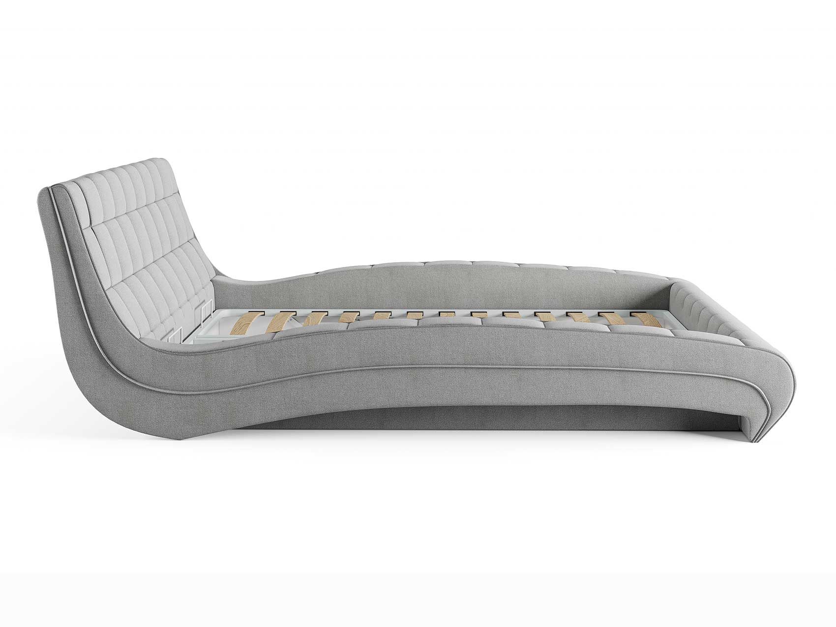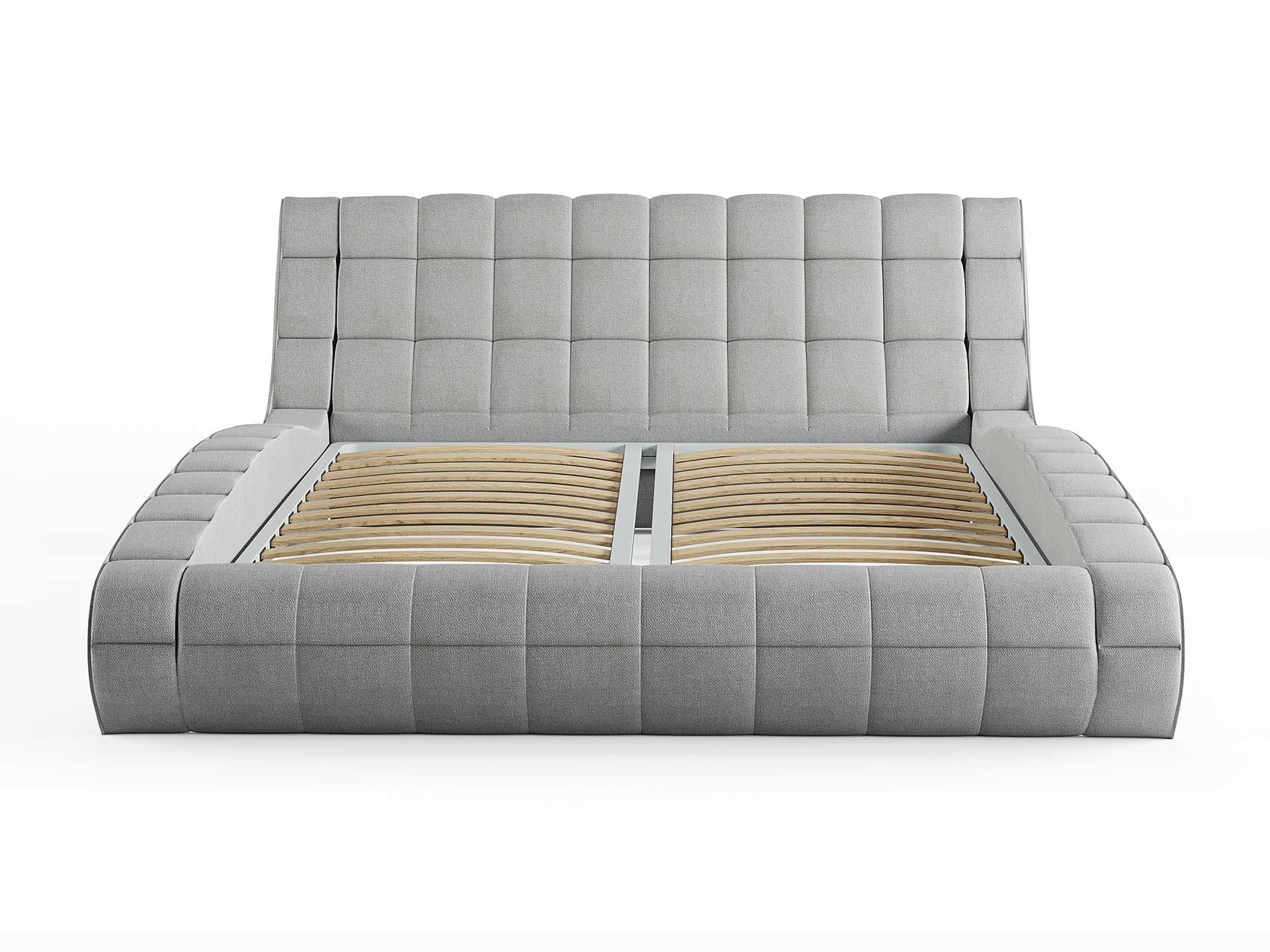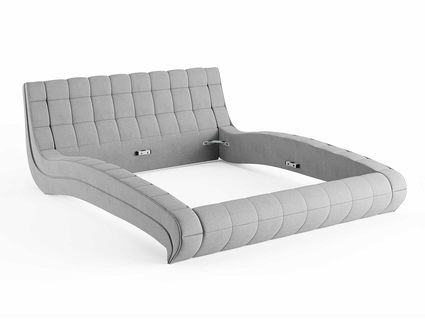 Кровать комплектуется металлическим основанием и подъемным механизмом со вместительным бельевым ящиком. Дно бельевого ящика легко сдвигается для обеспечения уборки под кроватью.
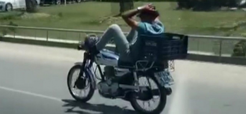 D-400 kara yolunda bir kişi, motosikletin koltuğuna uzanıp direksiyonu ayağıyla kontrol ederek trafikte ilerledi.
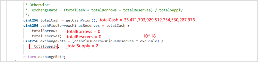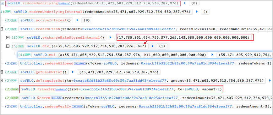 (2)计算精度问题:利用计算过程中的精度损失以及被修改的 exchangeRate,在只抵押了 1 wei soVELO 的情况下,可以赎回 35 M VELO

What you need to do: The pictures in the listing above are to be dropped, and everything else reproduced exactly.

Exercise result:
 Кровать комплектуется металлическим основанием и подъемным механизмом со вместительным бельевым ящиком. Дно бельевого ящика легко сдвигается для обеспечения уборки под кроватью.
 D-400 kara yolunda bir kişi, motosikletin koltuğuna uzanıp direksiyonu ayağıyla kontrol ederek trafikte ilerledi.
 (2)计算精度问题:利用计算过程中的精度损失以及被修改的 exchangeRate,在只抵押了 1 wei soVELO 的情况下,可以赎回 35 M VELO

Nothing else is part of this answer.